Djawanews.com – Akademisi dan pengamat politik Rocky Gerung meminta Wakil Menteri Hukum dan Hak Asasi Manusia (Wamenkumham), Edward Omar Sharif Hiariej meninjau kembali makna pasal penghinaan terhadap pemerintah yang masih tetap ada di RKUHP.
Rocky Gerung menafsirkan istilah "penghinaan" sebagai sesuatu yang berkaitan dengan dignity atau martabat. Sedangkan martabat melekat pada individu, bukan pada lembaga.

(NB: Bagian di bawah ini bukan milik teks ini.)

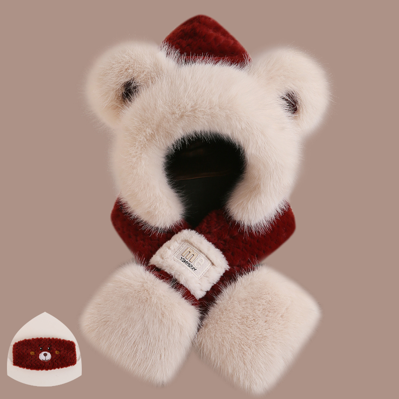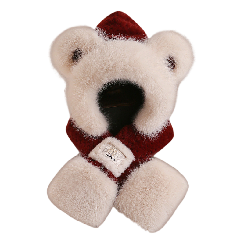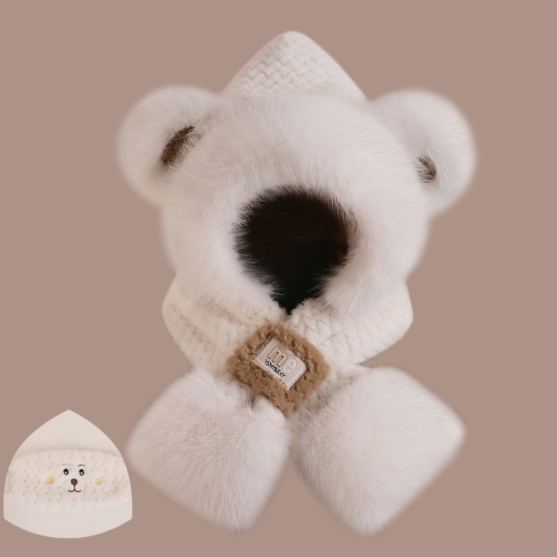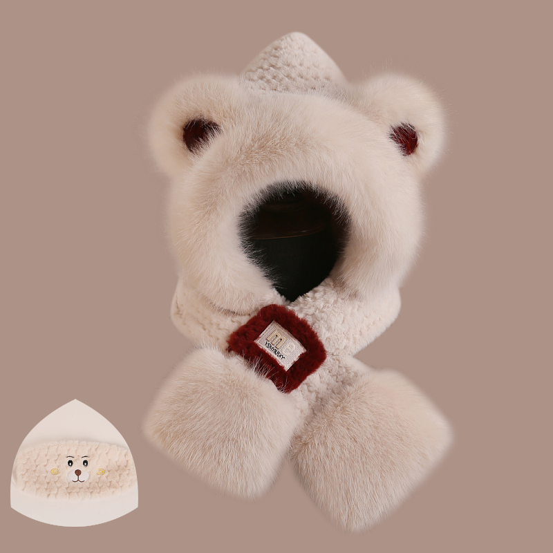 可爱小熊帽子围巾一体女新款 加绒围脖防寒保暖毛茸茸护耳帽 秋冬季

“Enggak ada martabat pemerintah. Martabat itu melekat pada manusia, konkret. Jadi kalau disebut menghina itu artinya pada martabat orang. Pemerintah tidak punya martabat karena bukan lembaga yang mempunyai perasaan,” terang Rocky dalam akun YouTubenya, dikutip Jumat, 24 Juni.
Ia menegaskan martabat itu merupakan prinsip hak asasi manusia dan itu wilayahnya individu, bukan lembaga atau pemerintah.
"Jadi bukan sekadar enggak boleh ada, itu salah tafsiran," sambungnya.
Di sisi lain, RKUHP yang memasukkan pasal penghinaan presiden akan mengekang kebebasan berpendapat.
“Di Amerika, presiden itu dihina tiap hari dan tidak merasa martabatnya terganggu. Jadi, ajaib juga kalau ada Presiden Amerika ke sini terus didemo mahasiswa, mahasiswanya ditangkap. Presiden AS bisa geleng-geleng kepala," tandasnya.